Io is supplied with the mainly SO₂ gas by volcanic eruptions, forming a tenuous atmosphere about 10^-3 Pa. Io's surface cools to about 90 K at nighttime and during Jupiter's eclipse, and SO₂ gas in the atmosphere condenses to form frost-like SO₂ solids on the surface. On the other hand, in the daytime, sunlight heats the surface to about 120 K, causing some of the SO₂ solids to sublimate. The Galileo spacecraft has observed the near-infrared spectroscopy of the Io surface and found that the size and density of the SO₂ solids vary with the location of the Io surface (Douté et al. (2001)). A small number of simulated mid-infrared spectroscopy experiments (e.g., Nash and Betts (1995)) have also been performed in the past to elucidate the physical properties of SO₂ solids. However, the mechanism of denaturation of SO₂ solids by heat or UV light in the Io’s surface environment and its correspondence to the spectra have not been elucidated yet.

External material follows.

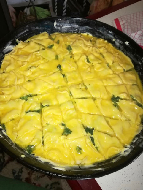 Се сече слично на баклава и се остава да надојде, па се пече во загреана рерна на 250 па на 200 степени додека да фати убава коричка.

In this study, SO₂ solids were deposited in the developed cryostat to reproduce the low-temperature and low-pressure environment of the Io surface, and the annealing and UV irradiation processes were measured spectroscopically to elucidate the denaturation mechanism of the SO₂ solids. An imaging Fourier transform mid-infrared spectrometer (2D FT-MIR), based on near-common-path wavefront-division phase-shift interferometry (Qi et al. (2015)), was used as the spectrometer to acquire mid-infrared transmission absorption spectra in spatial two-dimensions. The following operations were performed in this experiment. (1) Depressurize a vacuum chamber of the cryostat to about 10^-3 Pa, (2) ZnSe substrate on the sample holder was cooled down to about 90 K, (3) SO₂ gas was jetted into the vacuum chamber to deposit SO₂ solids on the cooled ZnSe substrate, (4) Annealing at ~90 K−120 K and irradiation with UV light (~190 nm−340 nm) from a deuterium lamp while performing spectral measurements. A strong band at ~7.5 μm (SO₂ ν₃ region) and a weak band at ~8.7 μm (SO₂ ν₁ region) were observed, but the band intensity ratio in the ν₁ region was irreversibly enhanced versus temperature after one annealing. In this presentation, the change in the band intensity ratio after multiple annealing will be discussed. Furthermore, the formation of SO₃ and an unknown absorption material with a peak around 7.4 µm was confirmed by UV irradiation (Negishi et al., The 23rd Symposium on Molecular Spectroscopy). For SO₃, the bond dissociation energy of the SO₂ molecule is 218.7 nm, suggesting that it was formed by a competitive reaction between dissociation-recombination reactions and a concerted reaction (Ito et al. (2023)) caused by the excess energy captured by the intersystem crossing associated with the electronic excitation (B←X band). In this presentation, UV irradiation with a long-pass filter with a cut-on wavelength of 250 nm will be carried out to discuss whether dissociation-recombination reactions or concerted reactions are the predominant reaction pathway for the formation of the unknown absorption material.